What is being asked>
Below are records with pictures in them. Output exactly the lines from the one with "Kawaii cat sitting" through the one with "#87 - Whit Merrifield", both included, and leave every picture out; give only those lines.

Extracted information>
——————

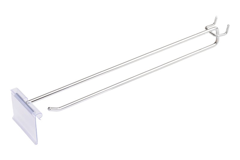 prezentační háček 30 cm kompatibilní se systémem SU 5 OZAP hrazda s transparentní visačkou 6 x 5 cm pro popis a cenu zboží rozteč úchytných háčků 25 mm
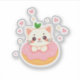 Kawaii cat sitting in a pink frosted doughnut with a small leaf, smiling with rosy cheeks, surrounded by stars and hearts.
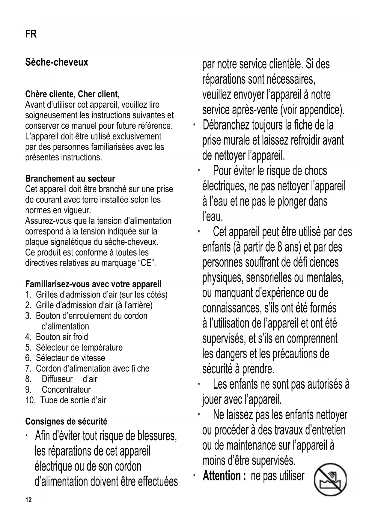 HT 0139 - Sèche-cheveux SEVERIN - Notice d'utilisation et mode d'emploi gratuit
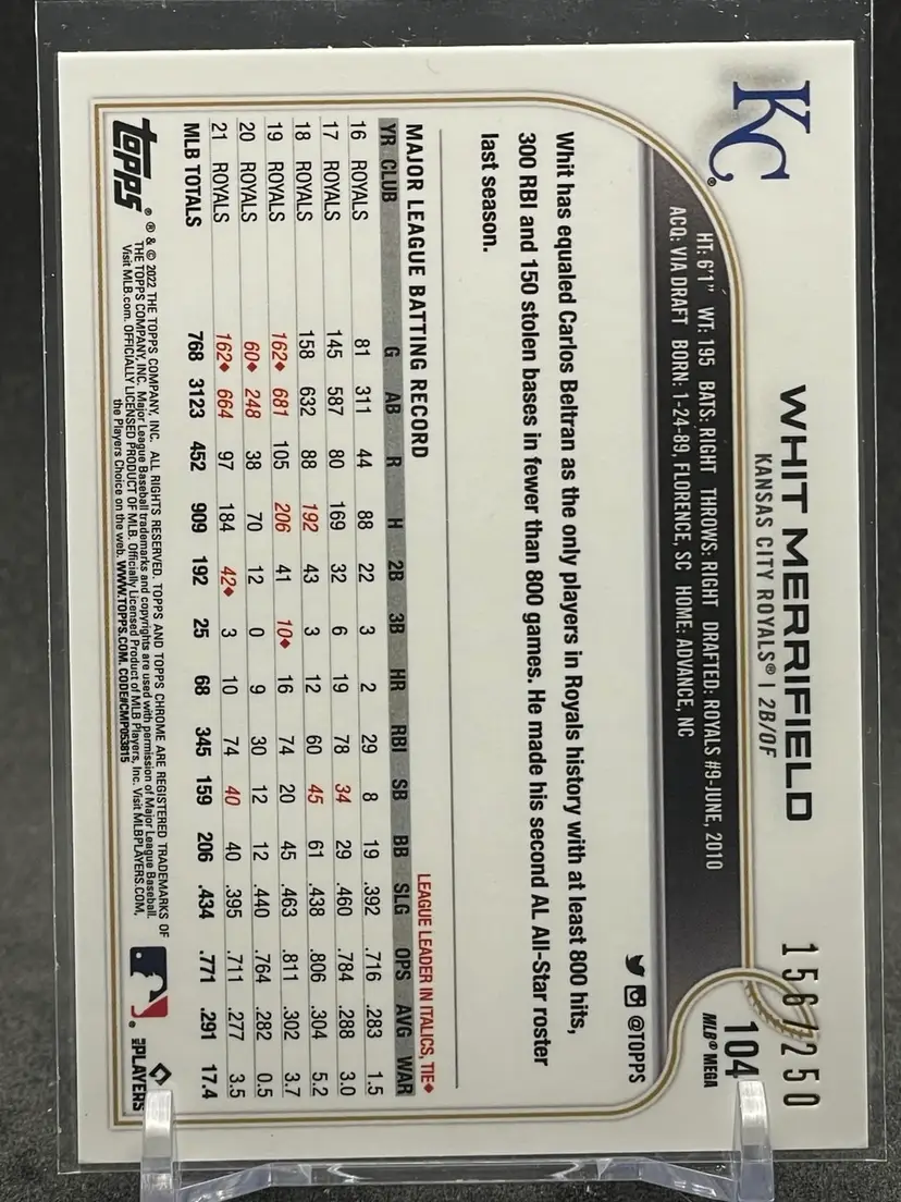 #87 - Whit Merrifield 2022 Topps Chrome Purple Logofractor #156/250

——————

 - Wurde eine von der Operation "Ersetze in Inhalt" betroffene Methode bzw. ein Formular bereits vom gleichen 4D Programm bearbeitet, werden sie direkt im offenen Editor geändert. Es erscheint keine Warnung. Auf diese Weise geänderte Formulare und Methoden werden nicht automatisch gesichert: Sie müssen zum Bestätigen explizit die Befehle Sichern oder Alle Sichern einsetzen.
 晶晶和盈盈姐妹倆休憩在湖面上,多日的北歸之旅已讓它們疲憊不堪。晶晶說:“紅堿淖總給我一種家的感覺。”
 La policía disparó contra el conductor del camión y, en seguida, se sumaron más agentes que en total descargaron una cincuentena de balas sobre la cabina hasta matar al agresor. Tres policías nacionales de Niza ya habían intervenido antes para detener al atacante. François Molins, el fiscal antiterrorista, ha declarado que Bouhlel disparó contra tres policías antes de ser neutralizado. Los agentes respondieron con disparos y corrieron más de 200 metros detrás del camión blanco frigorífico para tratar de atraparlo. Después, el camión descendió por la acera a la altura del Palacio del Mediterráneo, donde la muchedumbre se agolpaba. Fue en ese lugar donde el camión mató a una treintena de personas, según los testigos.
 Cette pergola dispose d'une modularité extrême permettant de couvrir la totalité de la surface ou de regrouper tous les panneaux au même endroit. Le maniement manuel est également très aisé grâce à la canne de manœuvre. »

——————

Result for this task>
 Kawaii cat sitting in a pink frosted doughnut with a small leaf, smiling with rosy cheeks, surrounded by stars and hearts.
 HT 0139 - Sèche-cheveux SEVERIN - Notice d'utilisation et mode d'emploi gratuit
 #87 - Whit Merrifield 2022 Topps Chrome Purple Logofractor #156/250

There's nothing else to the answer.